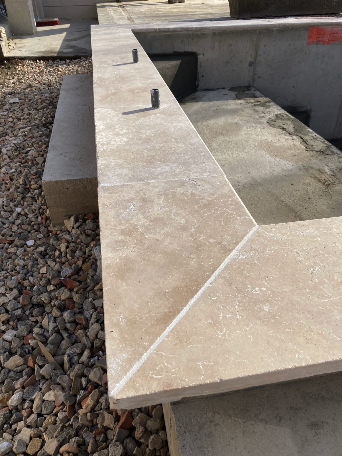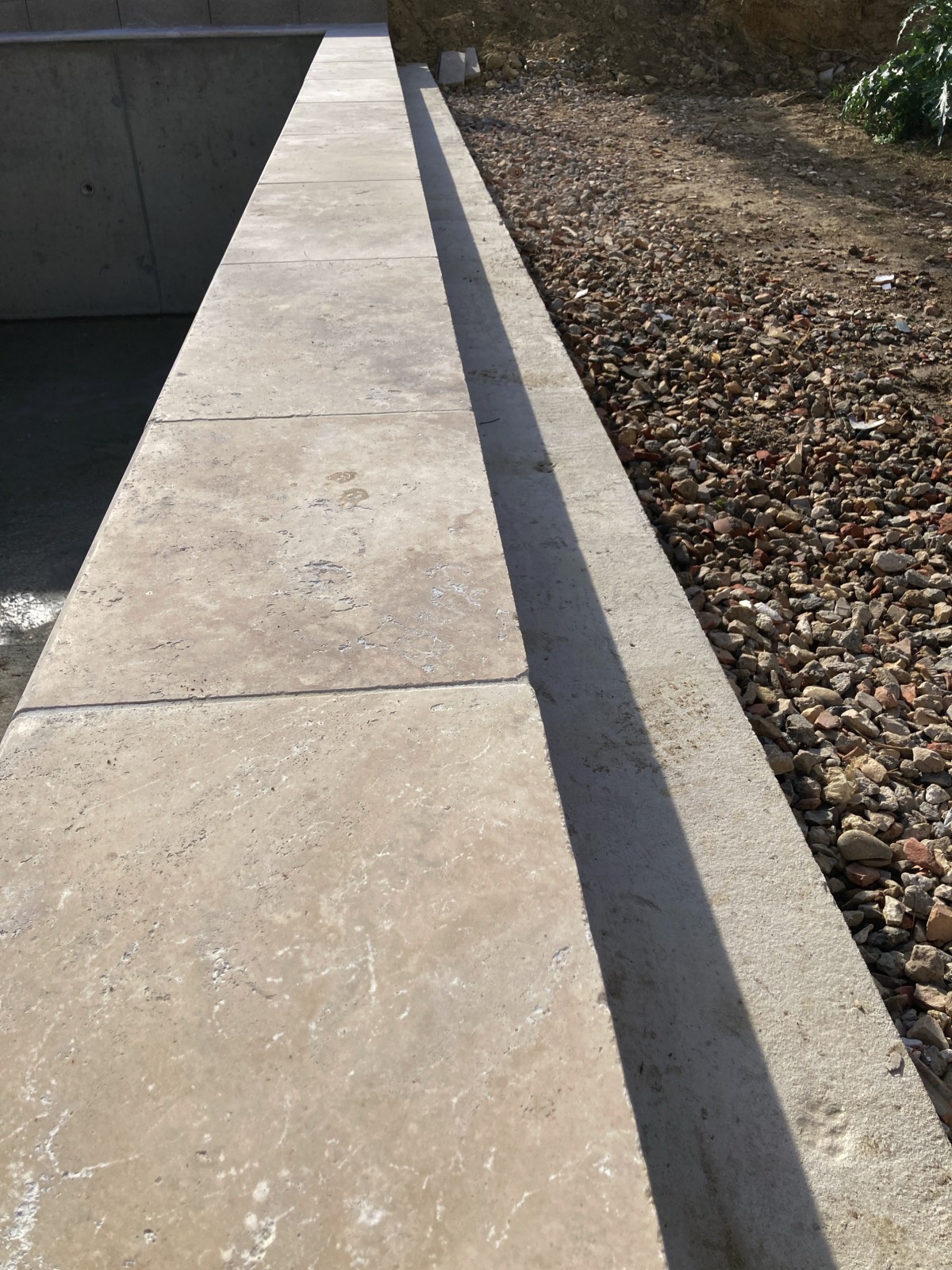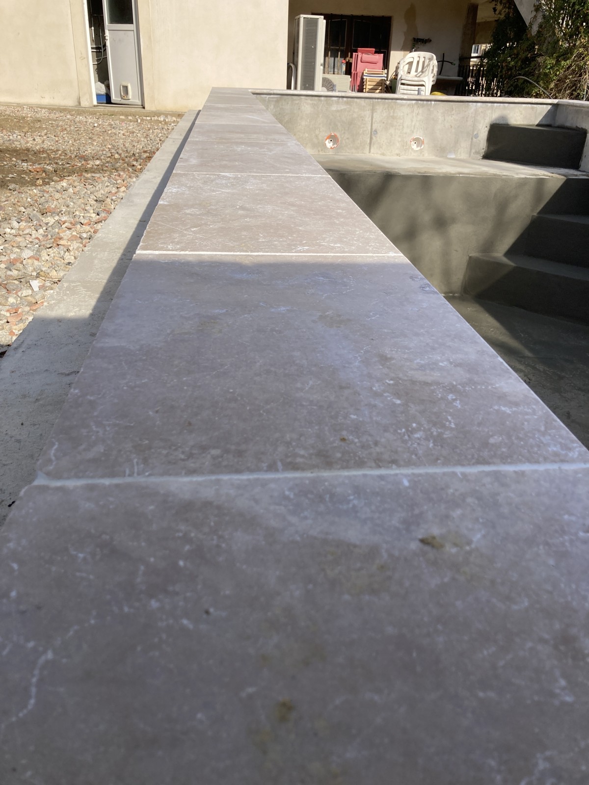 Pose de margelles travertin 61*33*3cm mesurant 6m*3m proche D’Alès à Saint-Jean-Du-Pin (30).
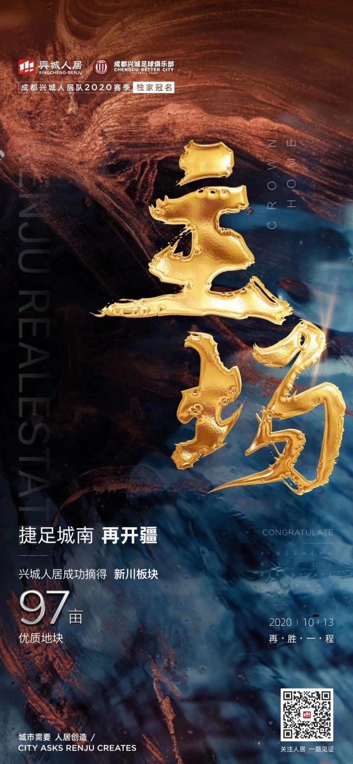 目前2020赛季中甲联赛九轮战罢,成都兴城人居足球队以7胜1平1负,积分22分的战绩稳居成都赛区榜首位置,提前拿到了冲超组入场券。球队在赛场上贡献了精彩的较量,一路高歌前行。与此同时,赛场之外也传来喜讯,成都兴城人居地产集团在成都主场竞拍成功,成功摘得新川板块!
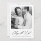 Elegant calligraphy photo change the date wedding postponement announcement. This black and white announcement is a simple way to let invited guests know that your wedding date has been changed, and provide them with the new rescheduled date.
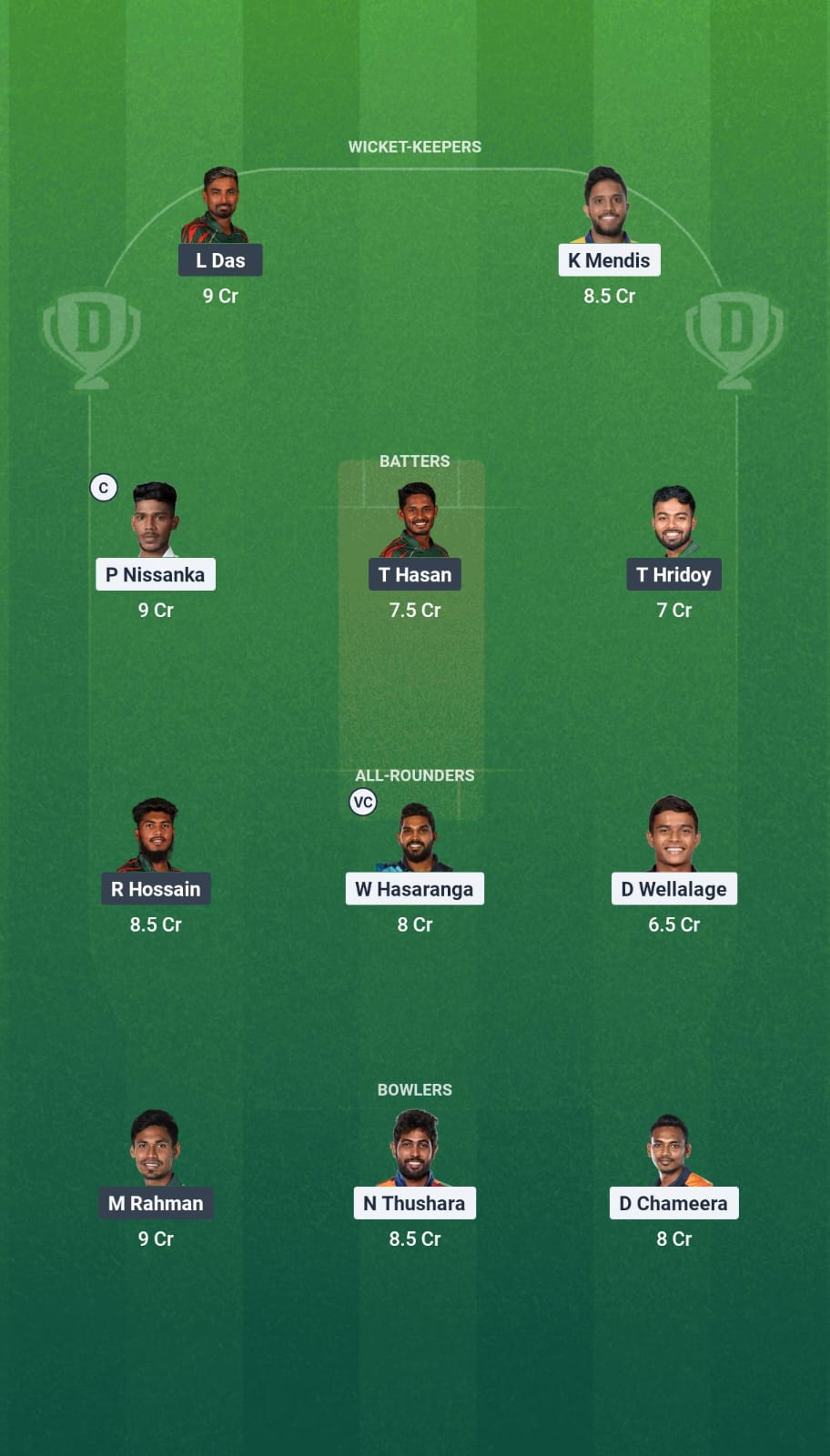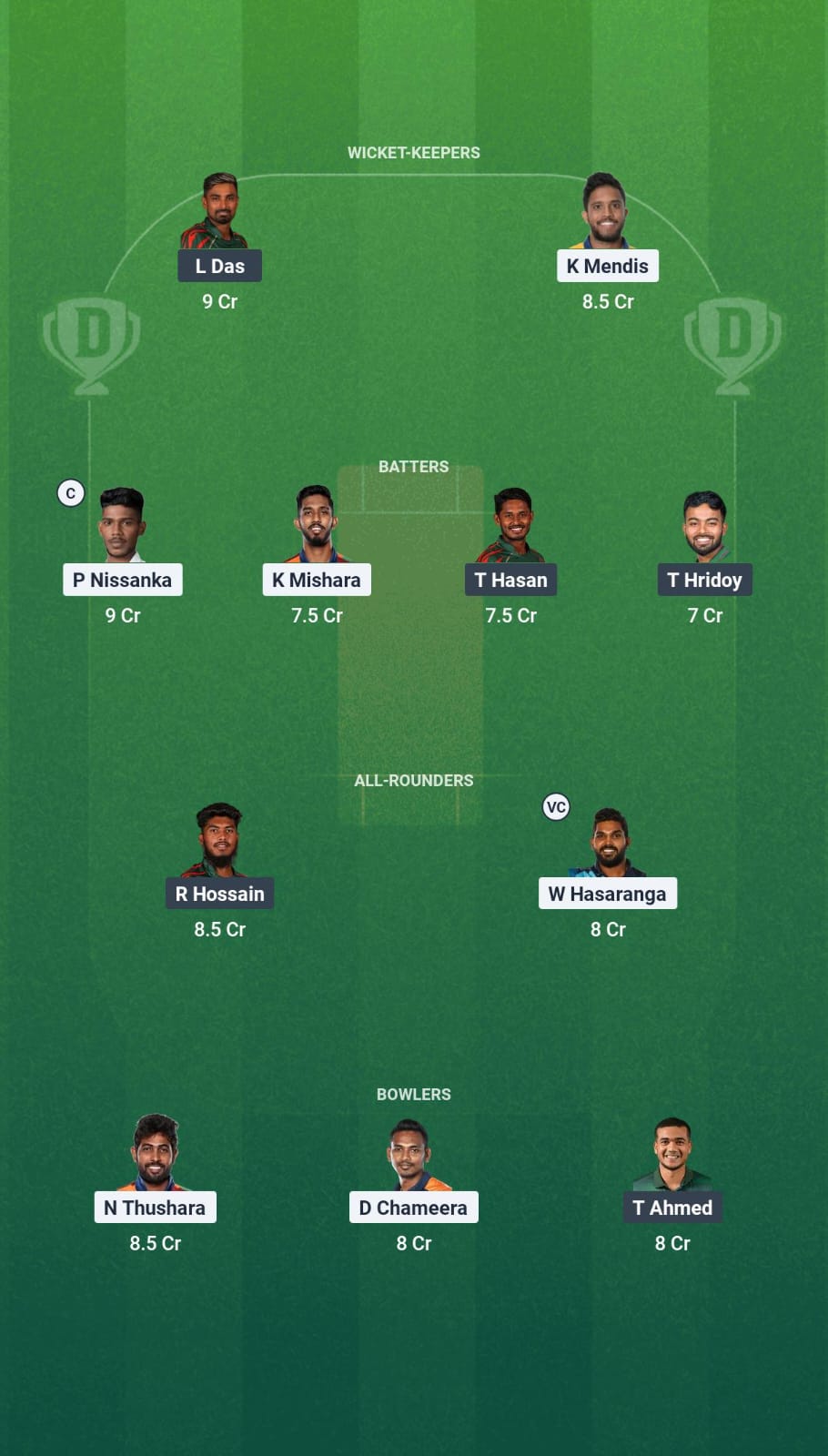 Nuwan Thushara and Dushmantha Chameera have been excellent with the new ball, and we are selecting them for our team. Mustafizur Rahman also comes in as a specialist seamer.

TASK ITEM: Leave the pictures out and output all of the data verbatim.

OUTPUT:
 Pose de margelles travertin 61*33*3cm mesurant 6m*3m proche D’Alès à Saint-Jean-Du-Pin (30).
 目前2020赛季中甲联赛九轮战罢,成都兴城人居足球队以7胜1平1负,积分22分的战绩稳居成都赛区榜首位置,提前拿到了冲超组入场券。球队在赛场上贡献了精彩的较量,一路高歌前行。与此同时,赛场之外也传来喜讯,成都兴城人居地产集团在成都主场竞拍成功,成功摘得新川板块!
 Elegant calligraphy photo change the date wedding postponement announcement. This black and white announcement is a simple way to let invited guests know that your wedding date has been changed, and provide them with the new rescheduled date.
 Nuwan Thushara and Dushmantha Chameera have been excellent with the new ball, and we are selecting them for our team. Mustafizur Rahman also comes in as a specialist seamer.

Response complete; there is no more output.